The company also announced additional details about its next-generation Intel Atom processor C2000 product family (codenamed Avoton and Rangeley), as well as outlined its roadmap of next-generation 14nm products for 2014 and beyond.
To help companies prepare for the next generation of datacenters, Intel revealed its plans to virtualize the network, enable smart storage solutions and invest in innovative rack optimized architectures.
Diane Bryant, senior vice president and general manager of the Datacenter and Connected Systems Group at Intel highlighted Intel's Rack Scale Architecture (RSA), a design that promises to increase the utilization and flexibility of the datacenter to deliver new services.
Rackspace Hosting, an open cloud company, has announced the deployment of new server racks that is a step toward reaching Intel's RSA vision, powered by Intel Xeon processors and Intel Ethernet controllers with storage accelerated by Intel Solid State Drives. The Rackspace design is the first commercial rack scale implementation.
As part of its strategy, Intel revealed new details for the forthcoming Intel Atom processors C2000 product family aimed for low-energy, high-density microservers and storage (Avoton), and network devices (Rangeley). This second-generation of Intel's 64-bit SoCs is expected to become available later this year and will be based on the company's 22nm process technology and the Silvermont microarchitecture. It will feature up to eight cores with integrated Ethernet and support for up to 64GB of memory.
The new products are expected to deliver up to four times the energy efficiency and up to seven times more performance than the first-generation Intel Atom processor-based server SoCs introduced in December, 2012. Intel has been sampling the new Intel Atom processor server product family to customers since April and has already more than doubled the number of system designs compared to the previous generation.
Intel also outlined its roadmap of next-generation products based on its forthcoming 14nm process technology scheduled for 2014 and beyond. These products are aimed at microservers, storage and network devices and will offer an even broader set of low-power, high-density solutions for their Web-scale applications and services.

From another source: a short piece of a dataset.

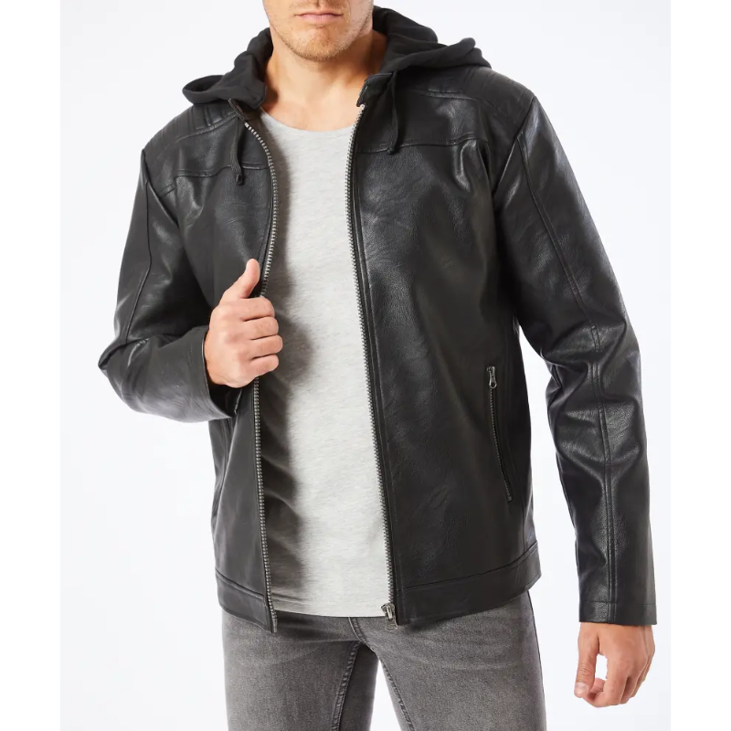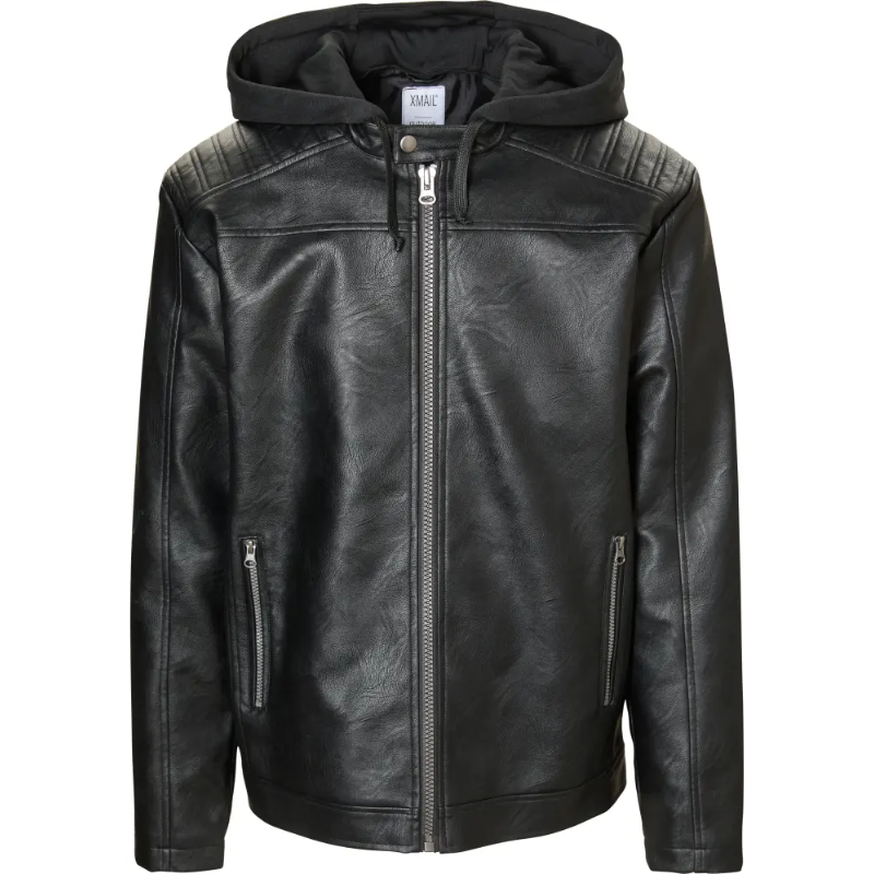 Stiilne kunstnahast jakk, millel on eemaldatav dressikangast kapuuts ja praktiline lukuga esiosa. Jakil on trukkidega krae, küljetaskud tõmblukuga ning sirge alläär, mis lisavad mugavust ja trendikat ilmet. Tänu kombineeritud materjalidele on jakk ühtaegu vastupidav ja mugav, sobides hästi igapäevaseks kandmiseks.

The future products include the next-generation of Intel Xeon processors E3 family (Broadwell) built for processor and graphic-centric workloads such as online gaming and media transcoding. It also includes the next-generation of Intel Atom processor SoCs (Denverton) that will enable even higher density deployments for datacenter operators. Intel also disclosed an addition to its future roadmap - a new SoC designed from the ground up for the datacenter based on Intel's next-generation Broadwell microarchitecture that follows today's Haswell microarchitecture.
An Intel executive shows off second-generation 64-bit SoC for microservers.